Let’s start with the basics data recollection and analysis that I assume we are all doing manually or with the help of a powerful ATS.
- Ratio jobs ads/ views/ applicants /hired
- Ratio between Sourced/Contacted/Interested/Hired
- Reply/Open Rate
- Basic Demographics
- Pipeline speed Time per hire (and in between stages)
Of course, it’s very interesting mixing all these together to power our understanding of our processes
At the same time, with all that information we will be able to infer costs during each stage and per hire. That information can be a powerful asset to leverage improvements into the process.
But what about all those very much important parts of recruitment that appear as not quantifiable like open feedback, interviews, candidate experience? Well, if we (and the whole team) document everything in a previously planned way, we can then build categories to measure and then quantify everything about our candidates. This is nothing new, Social Sciences do this all the time with different techniques.
In my experience with data analysis, people behaviour and recruitment, it’s very important to start always with a questions that we (or as a team) want/need an answer and then design a tool to provide that response.
- What are candidates (hired and rejected) and team members thinking about our recruitment process? -Surveying and analysing their experience to build actionable insights.
- Why our candidates get rejected? -Categorising reason of rejection (we could mix this with our hardcore ATS data)
- How to objectively compare candidates and get different insights from our interviews? -Standardised main subjects to cover (even if they are open and with different paths) to compare later and also open reading our notes get common points that could provide new information regarding the position, industry, companies, and people behaviour in general.

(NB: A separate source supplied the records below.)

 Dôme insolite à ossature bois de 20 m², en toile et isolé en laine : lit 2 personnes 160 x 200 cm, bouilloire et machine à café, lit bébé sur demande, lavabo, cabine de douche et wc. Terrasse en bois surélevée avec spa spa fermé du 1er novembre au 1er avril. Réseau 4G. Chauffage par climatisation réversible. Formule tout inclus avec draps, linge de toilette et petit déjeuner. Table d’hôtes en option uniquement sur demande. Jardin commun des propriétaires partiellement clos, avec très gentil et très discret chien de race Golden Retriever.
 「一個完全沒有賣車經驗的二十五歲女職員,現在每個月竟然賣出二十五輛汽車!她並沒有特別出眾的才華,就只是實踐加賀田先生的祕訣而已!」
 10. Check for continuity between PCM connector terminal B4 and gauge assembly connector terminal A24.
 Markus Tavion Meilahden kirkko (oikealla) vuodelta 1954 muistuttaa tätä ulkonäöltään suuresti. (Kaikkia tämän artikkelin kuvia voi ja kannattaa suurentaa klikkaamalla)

Of course we are not data or social scientists (or maybe some are!) but we can be data-driven, insightful and at the same time have a personalised and very human approach in recruitment.

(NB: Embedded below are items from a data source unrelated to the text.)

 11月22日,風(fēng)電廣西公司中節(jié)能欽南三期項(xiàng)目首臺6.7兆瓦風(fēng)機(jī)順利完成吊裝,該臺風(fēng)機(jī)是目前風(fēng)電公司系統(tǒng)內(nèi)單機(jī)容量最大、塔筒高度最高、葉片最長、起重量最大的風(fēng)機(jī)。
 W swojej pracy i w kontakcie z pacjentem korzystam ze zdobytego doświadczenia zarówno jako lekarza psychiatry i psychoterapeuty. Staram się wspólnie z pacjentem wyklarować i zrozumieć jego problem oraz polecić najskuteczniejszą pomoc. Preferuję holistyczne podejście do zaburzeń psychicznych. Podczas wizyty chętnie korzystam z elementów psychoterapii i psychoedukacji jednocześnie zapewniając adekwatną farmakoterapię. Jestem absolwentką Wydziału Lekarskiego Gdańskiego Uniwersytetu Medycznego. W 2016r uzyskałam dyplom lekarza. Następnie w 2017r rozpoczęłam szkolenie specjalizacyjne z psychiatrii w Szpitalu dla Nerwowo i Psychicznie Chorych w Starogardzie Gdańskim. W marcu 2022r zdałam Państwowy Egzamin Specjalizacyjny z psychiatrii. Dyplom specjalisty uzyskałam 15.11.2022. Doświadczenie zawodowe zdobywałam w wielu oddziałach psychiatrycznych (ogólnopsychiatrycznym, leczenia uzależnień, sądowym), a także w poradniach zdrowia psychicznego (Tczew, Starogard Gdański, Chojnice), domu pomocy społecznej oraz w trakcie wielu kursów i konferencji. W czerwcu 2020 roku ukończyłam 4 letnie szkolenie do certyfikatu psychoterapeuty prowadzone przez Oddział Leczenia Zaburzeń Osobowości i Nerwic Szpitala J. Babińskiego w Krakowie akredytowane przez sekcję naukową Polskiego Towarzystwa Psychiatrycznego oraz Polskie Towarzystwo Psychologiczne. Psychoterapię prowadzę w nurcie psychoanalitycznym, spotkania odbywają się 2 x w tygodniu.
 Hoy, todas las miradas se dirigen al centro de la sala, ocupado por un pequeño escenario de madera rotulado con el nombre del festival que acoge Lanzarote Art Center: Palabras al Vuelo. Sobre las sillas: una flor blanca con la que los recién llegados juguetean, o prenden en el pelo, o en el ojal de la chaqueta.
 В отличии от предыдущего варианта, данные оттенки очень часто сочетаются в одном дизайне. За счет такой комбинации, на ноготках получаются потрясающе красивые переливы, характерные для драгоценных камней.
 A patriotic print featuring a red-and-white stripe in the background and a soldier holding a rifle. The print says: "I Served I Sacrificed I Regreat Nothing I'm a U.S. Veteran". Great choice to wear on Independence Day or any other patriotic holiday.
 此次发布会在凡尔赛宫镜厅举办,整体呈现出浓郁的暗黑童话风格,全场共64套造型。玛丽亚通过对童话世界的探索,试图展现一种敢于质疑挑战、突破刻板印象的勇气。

In conclusion, the way I see this magic combination working is: strong use of tools to automate and analyse those pipelines numbers and then a more meticulous and crafted approach to gather insights and answers to questions we are asking ourselves as a recruitment team.
At the end, the improvement and full knowledge of the process should be our first priority to guide all our searches and decisions, don’t you think?
ps: This is a very extensive subject, and I don’t want to make a super long and boring article. I just want to encourage you to document your processes so you can measure and analyse it to be better.